Primary Examiner: Allen R. MacDonald
Assistant Examiner: Alphonso A. Collins
Attorney: S. Kevin Pickens
Application Number: 8/550,724

Abstract

A speech signal is sampled to form a sequence of speech data. The sequence of speech data is segmented into overlapping segments. Speech coefficients are generated by fitting each segment to a nonlinear predictive coding equation. The nonlinear predictive coding equation includes a linear predictive coding equation with linear terms, and additionally includes at least one cross term that is proportional to a product of two or more of the linear terms. If the segment is voiced, a sinusoidal term is included in the nonlinear predictive coding equation and sinusoidal parameters are generated. Otherwise, a noise term is included in the nonlinear predictive coding equation. The speech coefficients, a voiced bit, and, if the segment is voiced, the sinusoidal parameters are included as compressed speech data.

Description

Description

TECHNICAL FIELD

This invention relates generally to speech coding and, more particularly, to speech data compression.

BACKGROUND OF THE INVENTION

It is known in the art to convert speech into digital speech data. This process is often referred to as speech coding. The speech is converted to an analog speech signal with a transducer such as a microphone. The speech signal is periodically sampled and converted to speech data by, for example, an analog to digital converter. The speech data can then be stored by a computer or other digital device. The speech data can also be transferred among computers or other digital devices via a communications medium. As desired, the speech data can be converted back to an analog signal by, for example, a digital to analog converter, to reproduce the speech signal. The reproduced speech signal can then be amplified to a desired level to play back the original speech.

In order to provide a recognizable and quality reproduced speech signal, the speech data must represent the original speech signal as accurately as possible. This typically requires frequent sampling of the speech signal, and thus produces a high volume of speech data which may significantly hinder data storage and transfer operations. For this reason, various methods of speech compression have been employed to reduce the volume of the speech data. As a general rule, however, the greater the compression ratio achieved by such methods, the lower the quality of the speech signal when reproduced. Thus, a more efficient means of compression is desired which achieves both a high compression ratio and a quality of the speech signal.

BRIEF DESCRIPTION OF THE DRAWINGS

FIG. 1 is a flowchart of the speech compression process performed in a preferred embodiment of the invention.

FIG. 2 is a flowchart the speech parameter generation process of the preferred embodiment of the invention.

FIG. 3 is a block diagram of the speech compression system of the preferred embodiment of the invention.

FIG. 4 is an illustration of the sequence of speech data in the preferred embodiment of the invention.

FIG. 5 is a block diagram of the speech parameter generator of the preferred embodiment of the invention.

DESCRIPTION OF THE PREFERRED EMBODIMENT

In a preferred embodiment of the invention, a method and system are provided for compressing a speech signal into compressed speech data.

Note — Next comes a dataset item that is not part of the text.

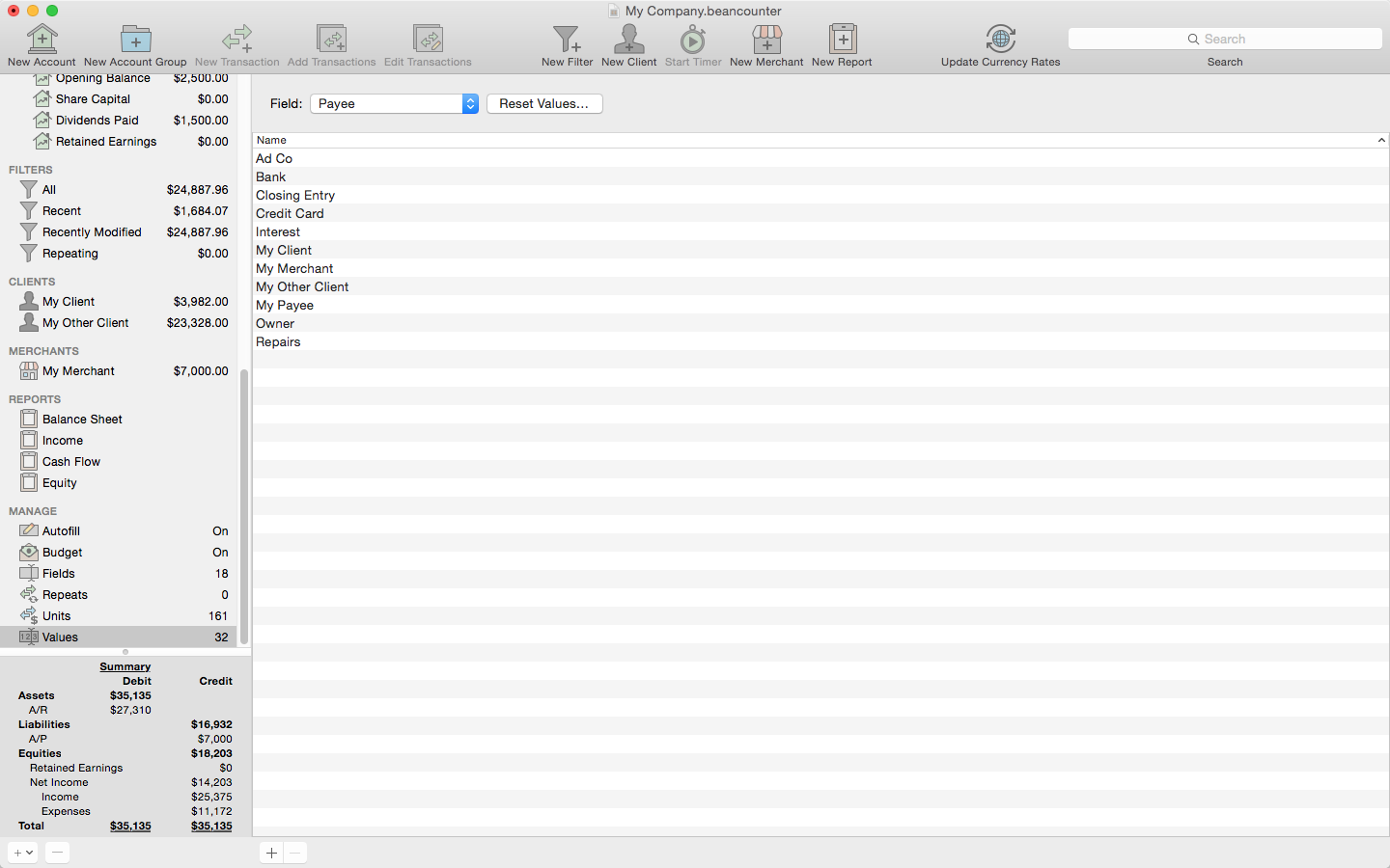 A transaction references at least two different accounts but may reference more if it is a split transaction. BeanCounter implements double-entry accounting which requires each debit to an account match a credit to another account. If a debit total is added to account 1, this results in an equal credit total added to account 2.

A sampler initially samples the speech signal to form a sequence of speech data. A segmenter then segments the sequence of speech data into at least one subsequence of segmented speech data, called herein a segment. A speech parameter generator generates speech parameters by fitting each segment to a nonlinear predictive coding equation. The nonlinear predictive coding equation includes a linear predictive coding equation having linear terms. In addition to the linear predictive coding equation, the nonlinear predictive coding equation includes at least one cross term that is proportional to a product of two or more of the linear terms. The speech parameters are generated as the compressed speech data for each segment. Inclusion of the cross term provides the advantage of a more accurate speech compression with a minimal addition of compressed speech data.

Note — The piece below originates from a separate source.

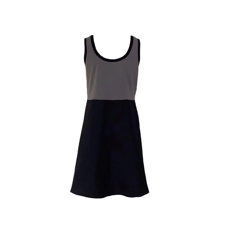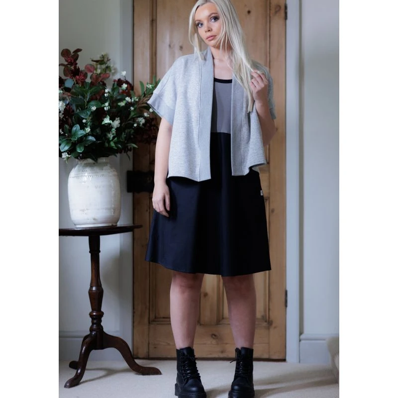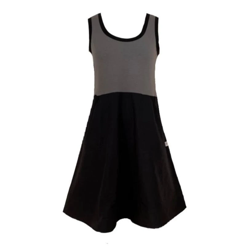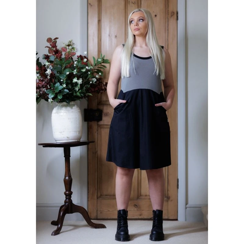 Tale: Our playful knee length Vada Dress is a perfect daytime essential, made for warmer days. The breathable two colour fabric combo adds interest and comfort with the bodice made from organic cotton jersey with lycra and the skirt a crisp woven organic cotton. This sleeveless scoop necked dress has black contrast around the neckline and sleeves. The angled pockets are a great asset for any activity. Team with our Signature Twilight Shrug or Shruglet for an edgy look. This garment is made in Great Britain by our Frock Tales team.

In a particularly preferred embodiment, a distinction is made between voiced and unvoiced segments. An energy is determined in the segment and compared to an energy threshold. The compressed speech data further includes an energy flag indicating whether the energy is greater than the energy threshold. If the energy is greater than the energy threshold, a sinusoidal term is included in the nonlinear predictive coding equation, and the compressed speech data further includes a sinusoidal coefficient of the sinusoidal term, an amplitude of the sinusoidal term and a frequency of the sinusoidal term. This provides greater accuracy in the speech data for the voiced segment, which requires more description for accurate reproduction of the speech signal than an unvoiced segment. If the energy of the segment is not greater than the energy threshold, a noise term is included in the nonlinear predictive coding equation instead of the sinusoidal term. This provides a sufficiently accurate model of the speech signal for the segment while allowing for greater compression of the speech data. The nonlinear predictive coding equation is used to decompress the compressed speech data when the speech signal is reproduced.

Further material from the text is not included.